Diversification Opportunities for First Commonwealth and ST Bancorp

0.87
  Correlation Coefficient

Very poor diversification

The 3 months correlation between First and STBA is 0.87. Overlapping area represents the amount of risk that can be diversified away by holding First Commonwealth Financial and ST Bancorp in the same portfolio, assuming nothing else is changed. The correlation between historical prices or returns on ST Bancorp and First Commonwealth is a relative statistical measure of the degree to which these equity instruments tend to move together. The correlation coefficient measures the extent to which returns on First Commonwealth Financial are associated (or correlated) with ST Bancorp. Values of the correlation coefficient range from -1 to +1, where. The correlation of zero (0) is possible when the price movement of ST Bancorp has no effect on the direction of First Commonwealth i.e., First Commonwealth and ST Bancorp go up and down completely randomly.

Pair Corralation between First Commonwealth and ST Bancorp

Considering the 90-day investment horizon First Commonwealth Financial is expected to under-perform the ST Bancorp. But the stock apears to be less risky and, when comparing its historical volatility, First Commonwealth Financial is 1.01 times less risky than ST Bancorp. The stock trades about -0.14 of its potential returns per unit of risk. The ST Bancorp is currently generating about -0.06 of returns per unit of risk over similar time horizon. If you would invest  4,242  in ST Bancorp on November 29, 2024 and sell it today you would lose (292.00) from holding ST Bancorp or give up 6.88% of portfolio value over 90 days.
Time Period3 Months [change]
DirectionMoves Together 
StrengthStrong
Accuracy100.0%
ValuesDaily Returns

First Commonwealth Financial  vs.  ST Bancorp

 Performance 
       Timeline  
First Commonwealth 

Risk-Adjusted Performance

Very Weak

 
Weak
 
Strong
Over the last 90 days First Commonwealth Financial has generated negative risk-adjusted returns adding no value to investors with long positions. Despite unsteady performance in the last few months, the Stock's fundamental indicators remain nearly stable which may send shares a bit higher in March 2025. The current disturbance may also be a sign of long-run up-swing for the company stockholders.
ST Bancorp 

Risk-Adjusted Performance

Very Weak

 
Weak
 
Strong
Over the last 90 days ST Bancorp has generated negative risk-adjusted returns adding no value to investors with long positions.
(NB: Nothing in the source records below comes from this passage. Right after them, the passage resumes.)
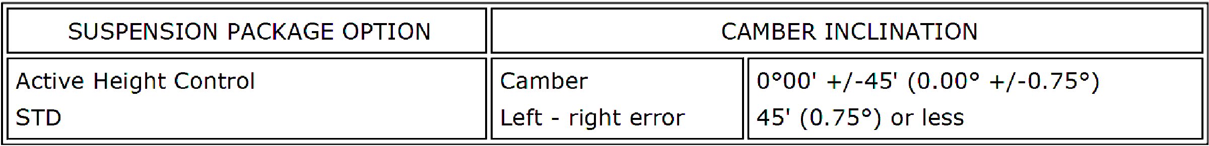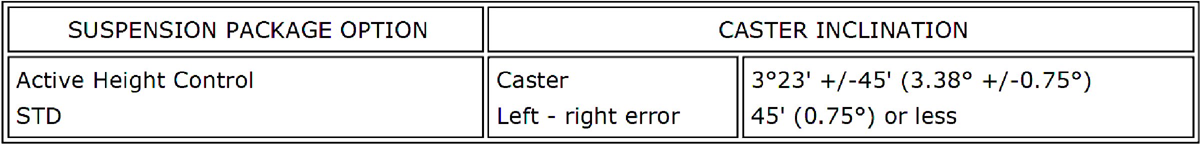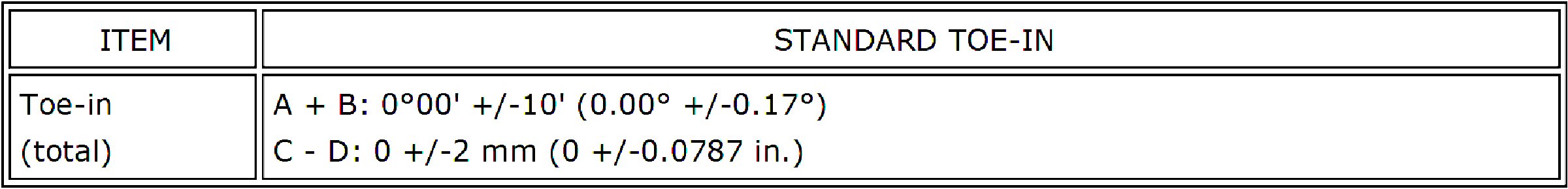 Wheel Alignment Specifications
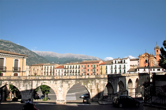 Via een mooie nauwe kloof voert de S479 ons naar Sulmona. De camperplaats ligt vlak bij het oude centrum. Overdag wat verkeerslawaai maar in de nacht was het stil. Om een uur of vier lopen we naar het oude centrum waar het gezellig druk is.
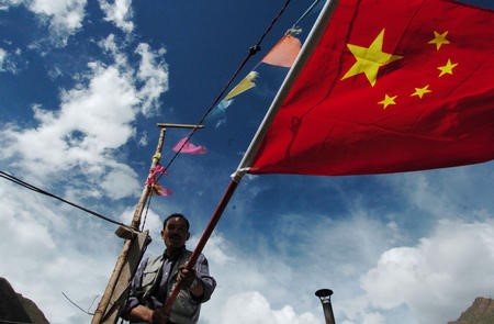 青藏鐵路沿線的藏族群眾(zhong) 紛紛掛起國旗,喜迎青藏鐵路全線通車。
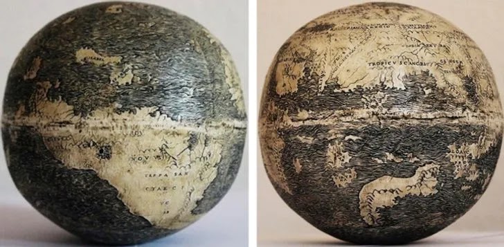 1. शुतुरमुर्ग के अंडे पर बना एक ग्लोब, जिसमें अमेरिका(1504) को दर्शाया गया है.
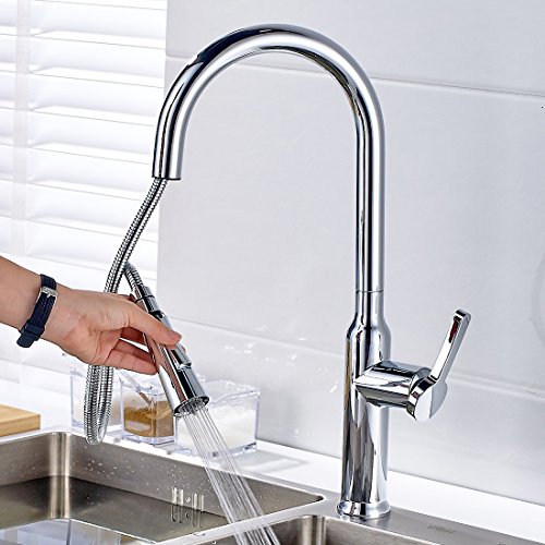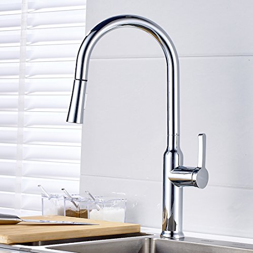 FLG Chrome Pull Down Sprayer Kitchen faucet, Single Handle Kitchen Sink Faucets Without Deck Plate
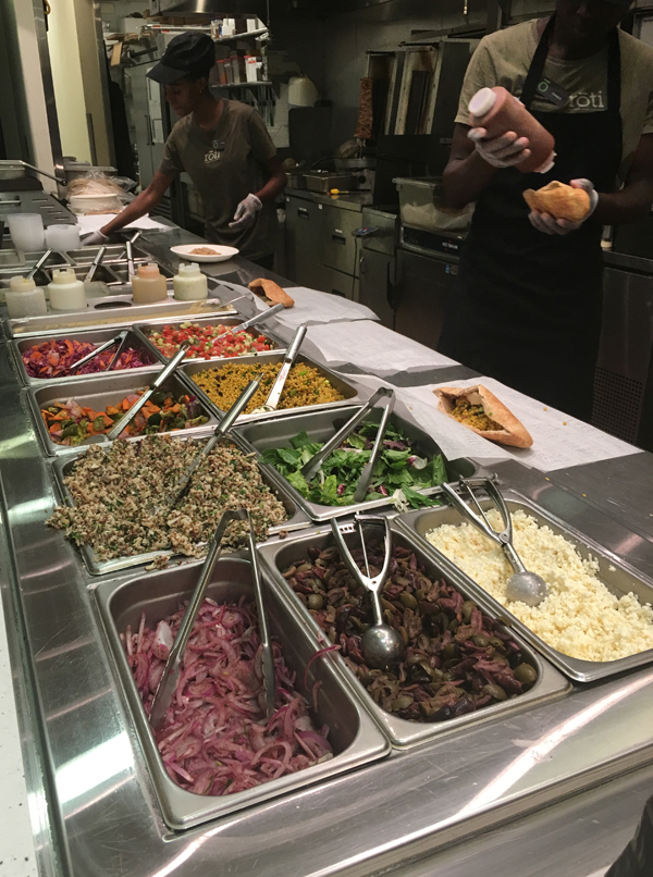 If you have never tried Roti Mediterranean Grill, it’s pretty much like a build your own burrito place, but instead with Mediterranean food. What drew me to Roti is that they have a gluten-free/gluten-friendly menu with gluten-free pita bread. Probably enough said there, too. I am sure all my gluten-free readers are now just as intrigued as I was! 🙂

Despite latest weak performance, the Stock's fundamental drivers remain strong and the current disturbance on Wall Street may also be a sign of long term gains for the company investors.

First Commonwealth and ST Bancorp Volatility Contrast

   Predicted Return Density   
       Returns  

Pair Trading with First Commonwealth and ST Bancorp

The main advantage of trading using opposite First Commonwealth and ST Bancorp positions is that it hedges away some unsystematic risk. Because of two separate transactions, even if First Commonwealth position performs unexpectedly, ST Bancorp can make up some of the losses. Pair trading also minimizes risk from directional movements in the market. For example, if an entire industry or sector drops because of unexpected headlines, the short position in ST Bancorp will offset losses from the drop in ST Bancorp's long position.
The idea behind First Commonwealth Financial and ST Bancorp pairs trading is to make the combined position market-neutral, meaning the overall market's direction will not affect its win or loss (or potential downside or upside). This can be achieved by designing a pairs trade with two highly correlated stocks or equities that operate in a similar space or sector, making it possible to obtain profits through simple and relatively low-risk investment.
Check out your portfolio center.
Note that this page's information should be used as a complementary analysis to find the right mix of equity instruments to add to your existing portfolios or create a brand new portfolio. You can also try the AI Portfolio Architect module to use AI to generate optimal portfolios and find profitable investment opportunities.